▼

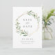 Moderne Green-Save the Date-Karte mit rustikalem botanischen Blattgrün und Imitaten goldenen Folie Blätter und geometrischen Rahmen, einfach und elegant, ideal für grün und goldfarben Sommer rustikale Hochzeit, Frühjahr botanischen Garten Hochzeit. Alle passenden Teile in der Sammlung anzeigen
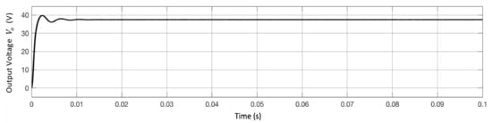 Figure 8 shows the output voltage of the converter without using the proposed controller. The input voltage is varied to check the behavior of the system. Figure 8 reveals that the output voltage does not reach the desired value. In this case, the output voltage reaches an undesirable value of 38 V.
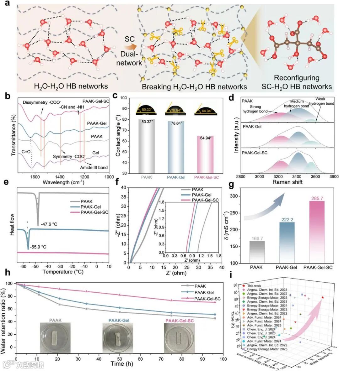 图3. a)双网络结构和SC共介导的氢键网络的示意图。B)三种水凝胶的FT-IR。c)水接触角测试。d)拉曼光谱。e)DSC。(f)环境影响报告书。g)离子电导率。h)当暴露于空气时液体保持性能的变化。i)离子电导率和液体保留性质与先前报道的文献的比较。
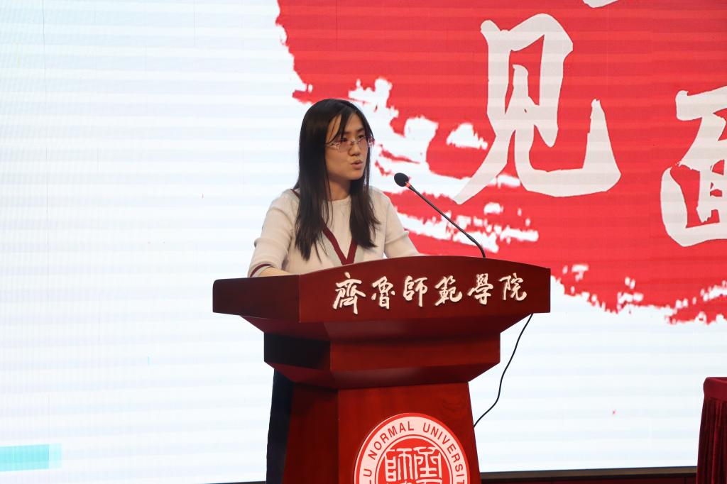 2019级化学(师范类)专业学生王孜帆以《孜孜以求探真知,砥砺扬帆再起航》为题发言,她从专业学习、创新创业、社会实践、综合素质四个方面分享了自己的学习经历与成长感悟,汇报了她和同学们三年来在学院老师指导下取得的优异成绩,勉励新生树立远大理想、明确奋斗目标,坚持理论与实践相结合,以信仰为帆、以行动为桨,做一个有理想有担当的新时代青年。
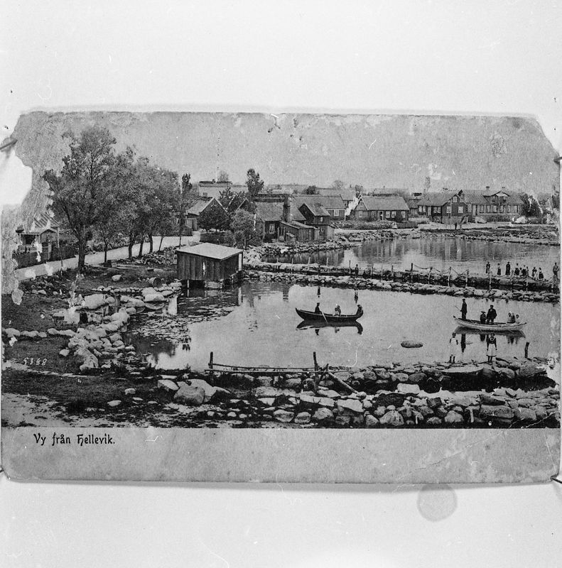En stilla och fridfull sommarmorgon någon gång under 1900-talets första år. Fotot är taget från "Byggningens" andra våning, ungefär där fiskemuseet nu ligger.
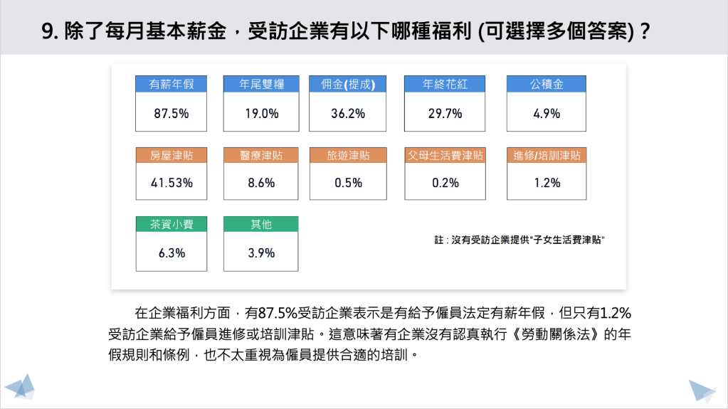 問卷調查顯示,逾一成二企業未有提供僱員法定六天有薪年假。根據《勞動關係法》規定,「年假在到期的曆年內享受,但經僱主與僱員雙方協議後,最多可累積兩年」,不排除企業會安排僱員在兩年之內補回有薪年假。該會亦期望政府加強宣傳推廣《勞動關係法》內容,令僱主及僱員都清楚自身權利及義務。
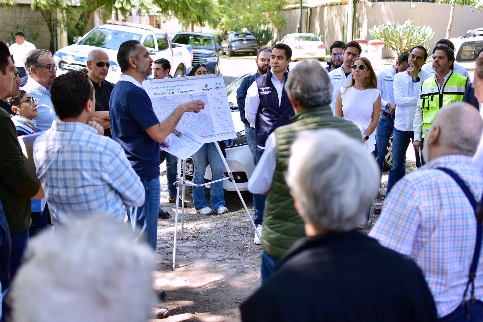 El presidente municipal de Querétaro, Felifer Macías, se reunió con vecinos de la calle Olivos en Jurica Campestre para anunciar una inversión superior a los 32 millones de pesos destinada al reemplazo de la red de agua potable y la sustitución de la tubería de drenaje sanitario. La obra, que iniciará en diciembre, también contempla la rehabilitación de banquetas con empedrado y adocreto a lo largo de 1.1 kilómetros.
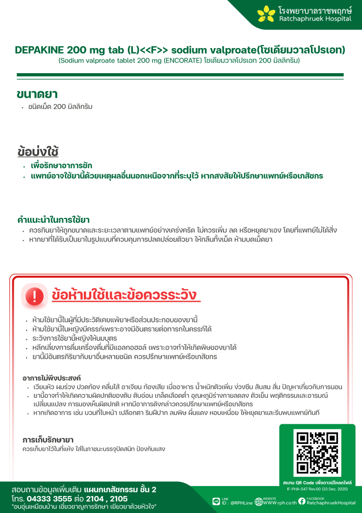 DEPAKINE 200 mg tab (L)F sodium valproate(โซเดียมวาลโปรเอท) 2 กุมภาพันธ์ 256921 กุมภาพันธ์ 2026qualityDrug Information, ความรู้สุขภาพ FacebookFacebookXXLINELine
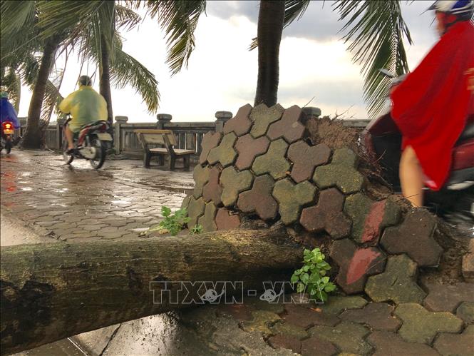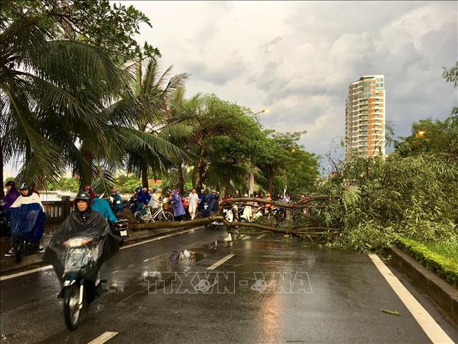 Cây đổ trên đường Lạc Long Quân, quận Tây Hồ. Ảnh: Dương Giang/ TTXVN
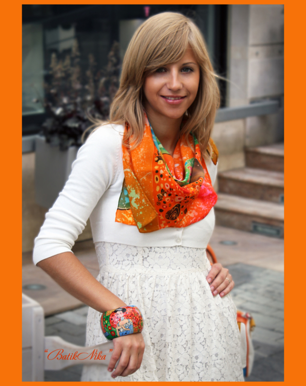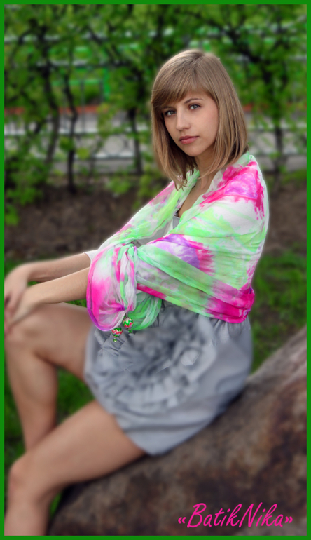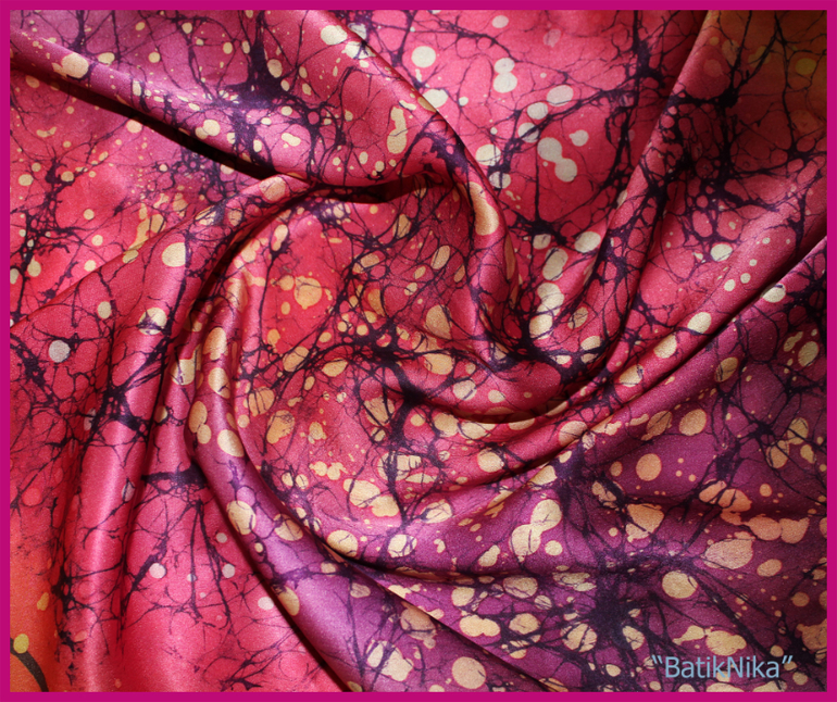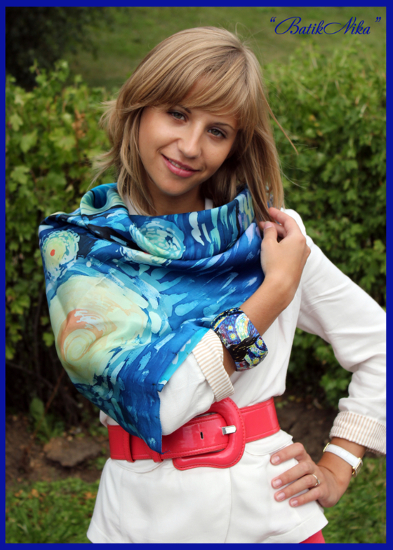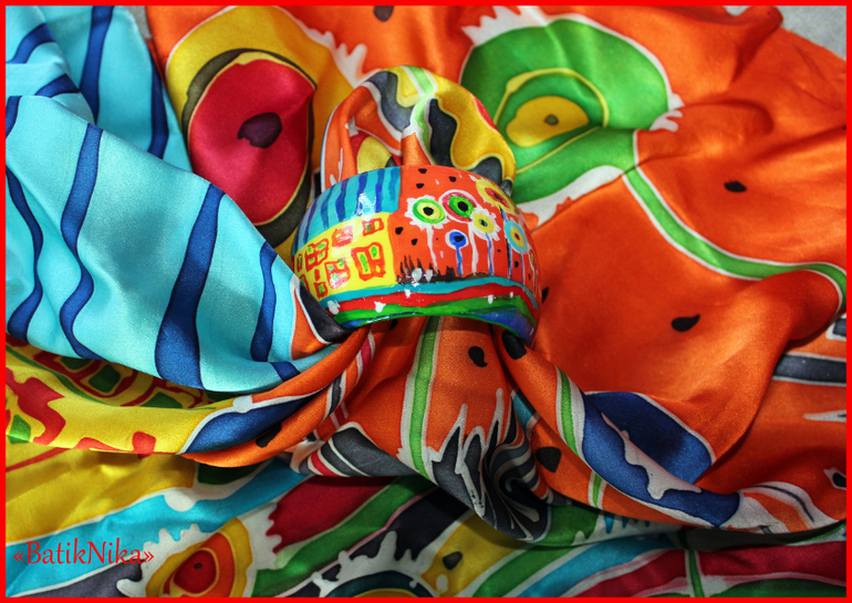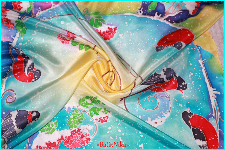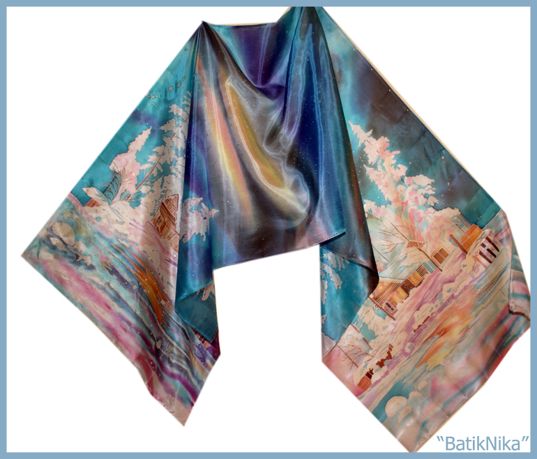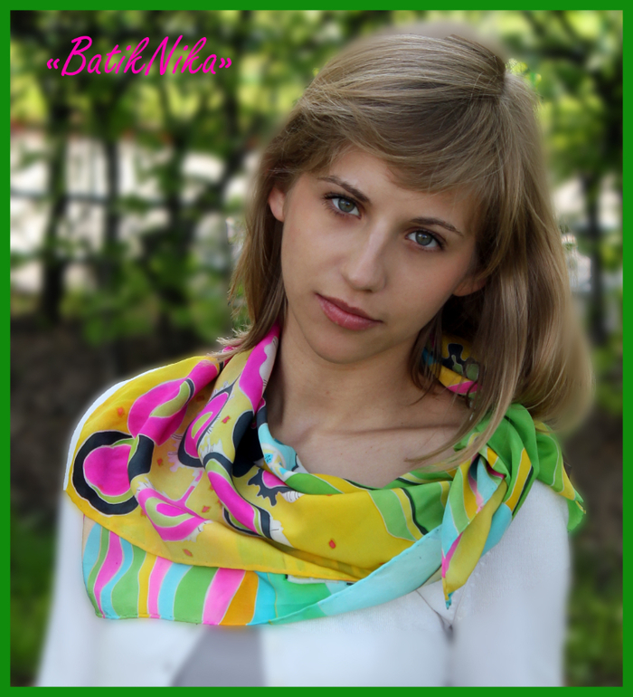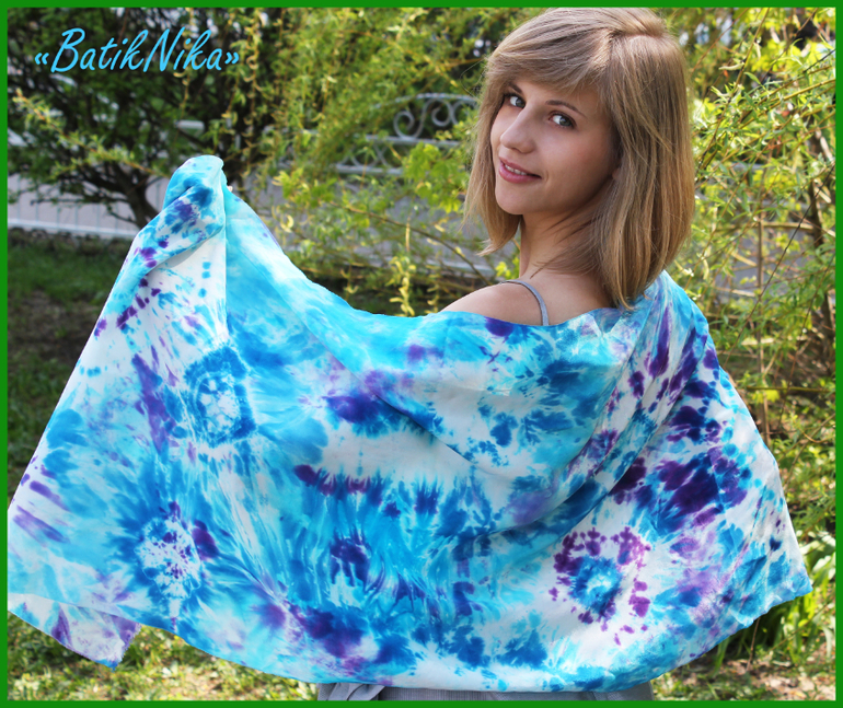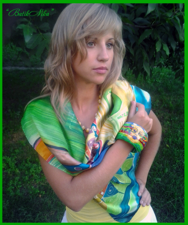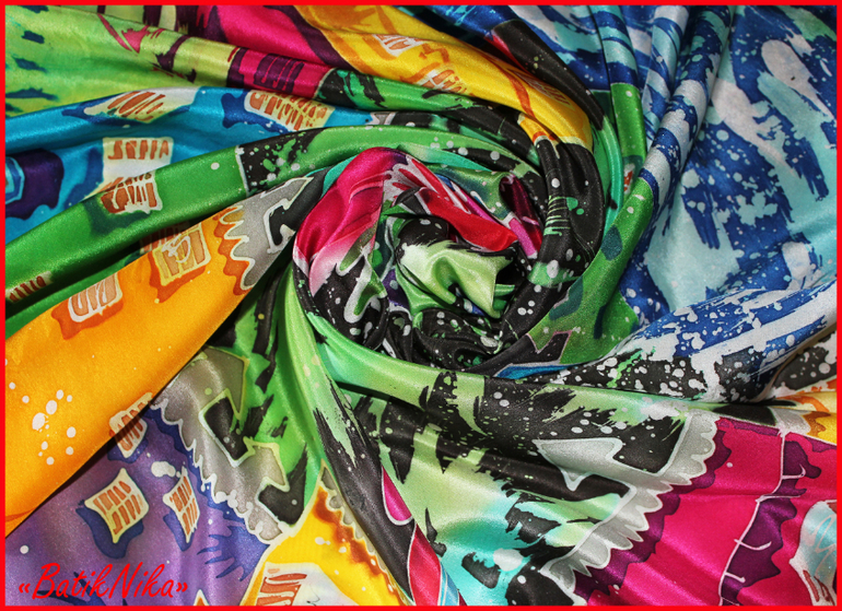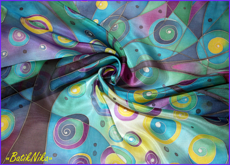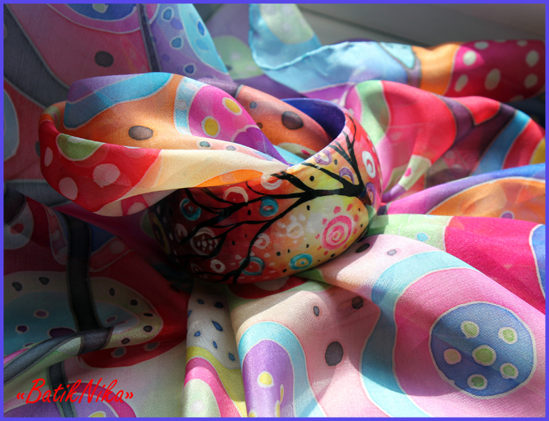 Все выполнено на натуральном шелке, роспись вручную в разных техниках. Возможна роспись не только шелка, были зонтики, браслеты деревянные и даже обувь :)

▲

Your answer must be an exact copy of the lines from the start of the entries through the line with "图3. a)双网络结构和SC", with no pictures.

**TASK RESULT:**
 Moderne Green-Save the Date-Karte mit rustikalem botanischen Blattgrün und Imitaten goldenen Folie Blätter und geometrischen Rahmen, einfach und elegant, ideal für grün und goldfarben Sommer rustikale Hochzeit, Frühjahr botanischen Garten Hochzeit. Alle passenden Teile in der Sammlung anzeigen
 Figure 8 shows the output voltage of the converter without using the proposed controller. The input voltage is varied to check the behavior of the system. Figure 8 reveals that the output voltage does not reach the desired value. In this case, the output voltage reaches an undesirable value of 38 V.
 图3. a)双网络结构和SC共介导的氢键网络的示意图。B)三种水凝胶的FT-IR。c)水接触角测试。d)拉曼光谱。e)DSC。(f)环境影响报告书。g)离子电导率。h)当暴露于空气时液体保持性能的变化。i)离子电导率和液体保留性质与先前报道的文献的比较。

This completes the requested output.